Corpus of German Speech

The Corpus of German Speech (CoGS) is a 51-million-word corpus of geolocated automatic speech recognition (ASR) YouTube transcripts from local government channels in Germany, created for the study of lexical, grammatical, and discourse-pragmatic phenomena of spoken language. Annotation includes individual word timings and video IDs of transcripts, making it easy to instantly view the video(s) for any given search. CoGS represents a rich resource for the study of language and communication in Germany, but given the content of the transcripts, may also be of interest to students and researchers in diverse digital humanities and social science fields such as cultural studies, geography, political science, sociology, urban studies and planning, or tourism studies, among others.

Corpus description

The corpus was created from 39,495 ASR transcripts from 1,313 YouTube channels, corresponding to more than 7,223 hours of video. The size of the corpus is 50,514,575 tokens. The channels sampled in the corpus are associated with local government entities, mostly city governments. The transcripts are from a range of video types. Metadata includes exact latitude-longitude coordinates for corresponding municipalities, making geographical analysis of language use possible.

Format and metadata

The corpus exists in two versions: one in which the transcripts have not been annotated, and one in which word tokens have been annotated with part-of-speech tags and timing. Data is in tabular form in csv format (with the pipe character "|" as a separator). The columns of the table are 'Bundesland', 'Gemeinde', 'channel_title', 'channel_url', 'video_title', 'video_id', 'upload_date', 'video_length', 'location','nr_words','text_pos' (or 'text', in the untagged version), and 'latlong'. Each row corresponds to an individual transcript (see excerpt below).

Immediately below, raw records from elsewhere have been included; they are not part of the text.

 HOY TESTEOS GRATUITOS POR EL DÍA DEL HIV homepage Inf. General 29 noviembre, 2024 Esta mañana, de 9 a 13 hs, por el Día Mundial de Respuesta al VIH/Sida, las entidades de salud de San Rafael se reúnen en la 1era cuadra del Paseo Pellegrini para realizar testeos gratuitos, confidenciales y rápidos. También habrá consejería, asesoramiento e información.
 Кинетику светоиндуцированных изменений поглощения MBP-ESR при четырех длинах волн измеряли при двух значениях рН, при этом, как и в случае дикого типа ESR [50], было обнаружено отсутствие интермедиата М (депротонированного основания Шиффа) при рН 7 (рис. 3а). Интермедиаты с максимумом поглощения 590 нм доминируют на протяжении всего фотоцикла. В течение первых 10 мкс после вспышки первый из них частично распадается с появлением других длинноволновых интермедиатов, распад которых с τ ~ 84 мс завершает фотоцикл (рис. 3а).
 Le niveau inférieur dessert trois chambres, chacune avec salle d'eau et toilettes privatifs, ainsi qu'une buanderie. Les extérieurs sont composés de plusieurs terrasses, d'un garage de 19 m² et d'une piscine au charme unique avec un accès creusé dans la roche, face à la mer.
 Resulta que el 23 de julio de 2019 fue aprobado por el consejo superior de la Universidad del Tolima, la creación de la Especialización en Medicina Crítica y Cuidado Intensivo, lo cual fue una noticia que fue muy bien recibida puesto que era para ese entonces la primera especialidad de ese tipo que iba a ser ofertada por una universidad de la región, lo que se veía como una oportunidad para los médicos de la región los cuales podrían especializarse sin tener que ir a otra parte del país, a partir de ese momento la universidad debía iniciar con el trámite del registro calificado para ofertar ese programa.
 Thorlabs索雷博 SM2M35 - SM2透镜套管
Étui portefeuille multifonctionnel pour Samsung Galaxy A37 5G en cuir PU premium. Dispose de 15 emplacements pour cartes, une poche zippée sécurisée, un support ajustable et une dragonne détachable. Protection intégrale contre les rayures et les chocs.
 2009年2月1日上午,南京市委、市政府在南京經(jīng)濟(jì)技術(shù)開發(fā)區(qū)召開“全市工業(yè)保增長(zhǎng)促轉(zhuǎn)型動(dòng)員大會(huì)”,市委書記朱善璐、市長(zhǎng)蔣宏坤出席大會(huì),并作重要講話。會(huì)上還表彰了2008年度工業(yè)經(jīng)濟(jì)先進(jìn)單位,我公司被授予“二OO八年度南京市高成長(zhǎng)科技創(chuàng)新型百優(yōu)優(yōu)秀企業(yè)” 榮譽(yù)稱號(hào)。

Transcripts are in the 'text_pos' column (or the 'text' column, for the untagged version). Tagging was done with spaCy and the Stuttgart-Tübingen tagset tagset. Tagged tokens have the format "token_POS_10.0", where "token" is the transcribed lexical item, "POS" the tag, and "10.0" the time offset in seconds from the start of the corresponding video.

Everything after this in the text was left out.